I know that linear transformations are isomorphic to matrices, in the sense that a matrix can represent a single linear transformation and vice-versa, and they share properties and operations (like composition).
But I think that matrices are also isomorphic to systems of linear equations. See, a system of linear equations can be represented by a matrix. Two equivalent linear systems are represented by two matrices that are line-equivalent. You can convert a linear system into a matrix, than operate on that matrix by applying line-operations, and then convert the resulting matrix back to a linear system which is equivalent (has the same solution) as the original one.
So, are matrices isomorphic to systems of linear equations?
This is a good question.
In an earlier question you asked about a formal specification for a vector space, so you clearly understand that mathematical objects need formal specifications. When you have two objects of the same type (for example, two vector spaces) you can ask whether they are isomorphic. That term itself has a formal specification, involving a bijection.

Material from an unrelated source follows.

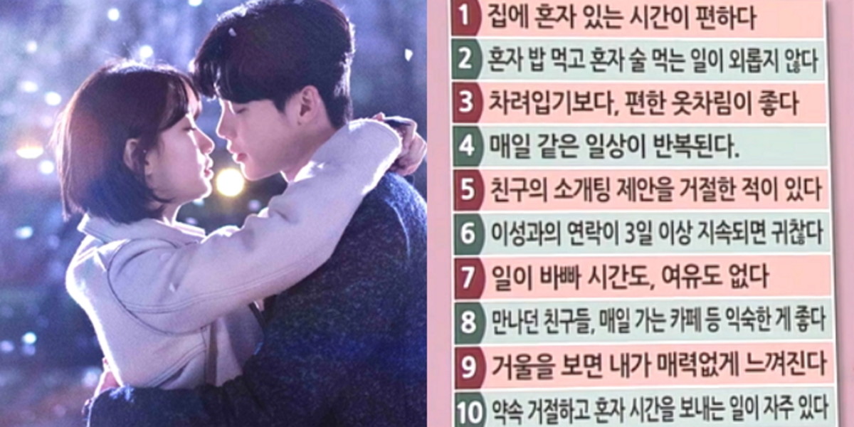 해당 내용은 '집에 혼자 있는 시간이 편하다', '이성과의 연락이 3일 이상 지속되면 귀찮다', '거울을 보면 내가 매력 없게 느껴진다' 등이 포함됐다.
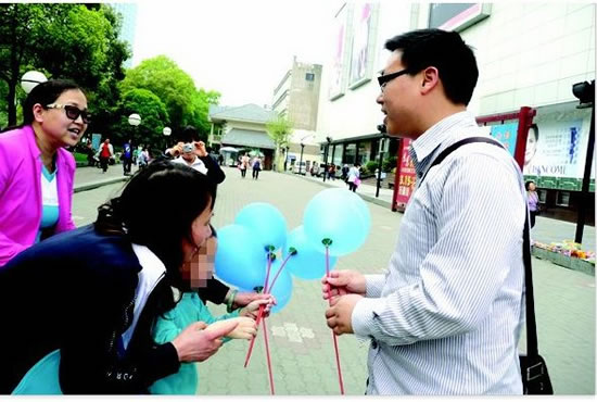 孩子在老师帮助下给路人发蓝色气球。 记者郝李平 通讯员谭玲丽 摄

You are trying to use the word to describe the fact that things you do when studying linear systems can be written using the language of matrices. There is indeed a bijective correspondence that matches a linear system with its matrix of coordinates. That correspondence does have the feel of an isomorphism (your instinct is correct) but it's not usually called an isomorphism. In principle you could write formal definitions for the operations on linear systems and on matrices to codify that feeling, and then use the term. But don't bother. Use matrix language to talk about linear systems (it makes things easier) and learn as you learn more linear algebra that matrices have lots of other uses too.